Gunter Grass- The Tin Drum
Hermann Hesse- Steppenwolf
Mikhail Bulgakov- The Master and Margarita
Franz Kafaka- The Trial, The Castle
Bataille- The Story of the Eye
Andre Breton- Nadja
Georges Perec- A Void
Alain Robbe-Grillet- The Erasers
Julio Cortazar- Hopscotch
Mario Vargas Llosa- In Praise of the Stepmother
Cormac McCarthy- Blood Meridian, Suttree, Child of God
Camus- The Stranger
John Fowles- The Collector
Nabokov- Lolita
Robert Coover- Spanking the Maid
Celine- Death on the Installment Plan
Just a few suggestions.:)
Hmmm... Master and Margarita, stlukesguild? It's unusual, but disturbing? I second Story of the Eye, though. In fact, it should be number one with a bullet in any disturbing books list.
And how could I have missed another chance to plug Blood and Guts in Highschool and Great Expectations by Kathy Acker?
Under the Skin by Michael Faber
The Cement Garden by Ian McEwan
First Love, Last Rites by Ian McEwan
The Piano Teacher by Elfriede Jelinek
never read a more disturbing book than Jonathan Littel "Le benevole", "The kindly ones"
I second The Collector by John Fowles
Querelle of Brest by Jean Genet
The Anonymous Ogres by Pascal Bruckner
I googled Story of the Eye ( WOW - sounds so incredibly sick )
and The Collector.

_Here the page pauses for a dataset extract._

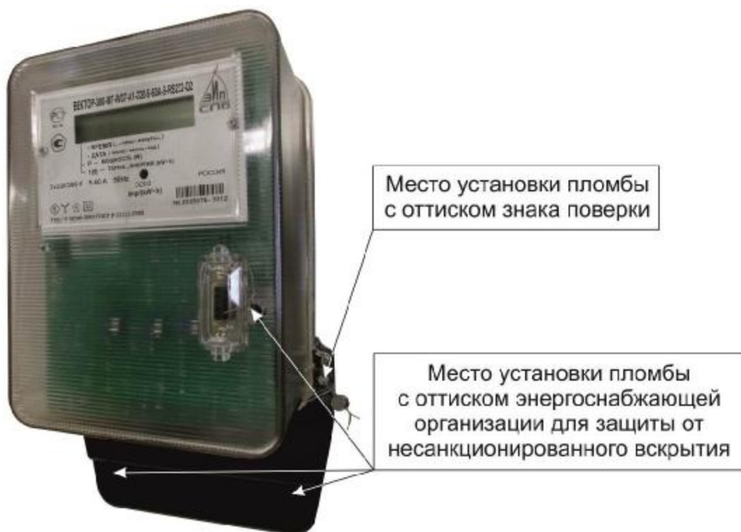
Рисунок 6 – Общий вид счетчика в корпусе модификации W37

The Collector seems to be the kind of book I was hoping to read. As sex, gore etc - i don't find disturbing, just blegh, gross.
I second Naked Lunch.
God I still can't take out of my mind some of its sickest images.
And as for 120 Days of Sodomy I haven't read it but i'd like to. Thing is I still can't gather enough strength to see Pasolini's film version (i've had it for months), I don't know when I will gather the willpower to read it.
One of the most disturbing things I read is Grant Morrison's short story The Braille Encyclopoedia. Yeah, I know, Morrison's comics Invisibles and The Filth are quite disturbing, but nothing comes close in his work to that little prose story.
1984
A Clockwork Orange
Lolita
The Handmaids tale
Parts of "Let the right one in" (but i still loved it)
All of these disturbed me a little
Jude the Obscure by Thomas Hardy to me was very disturbing, especially one very key scene.
Not sure if it has been mentioned, but Child of God by Cormac McCarthy was very disturbing.
Set in mountainous Sevier County, Tennessee, Child of God tells the story of Lester Ballard, a dispossessed, violent man whom the narrator describes as "a child of God much like yourself perhaps." Ballard's life is a disastrous attempt to exist outside the social order. Successively deprived of parents and homes and with few other ties, Ballard descends literally and figuratively to the level of a cave dweller as he falls deeper into crime and degradation.
william s burroughs, nuff said
Ballard's Crash, God i forgot CRASH!!!
excellent novel
And Heinrich Hoffmann's Shockheaded Peter. Those poems were meant for kids, can you believe that?
R. Scott Bakker's 'Prince of Nothing' series
Pretty much anything by Cormac McCarthy
The short stories of Paul Bowles
American Psycho
'Apt Pupil' Stephen King Short Story I have readed it twice so far I quite actual enjoy reading. I found fascinating now King does it with such believable way and language is great.
Anyone seen the 1975 film based on The 120 days of Sodom?
......yeah.
Add Torture Garden and The Cannibal Within to the list.
The most disturbing, violent, pornographic book I have ever read (not entirely, I couldn't) is probably not The 120 Days of Sodom, nor The Story of the Eye, nor American Psycho, but Hogg by Samuel Delany.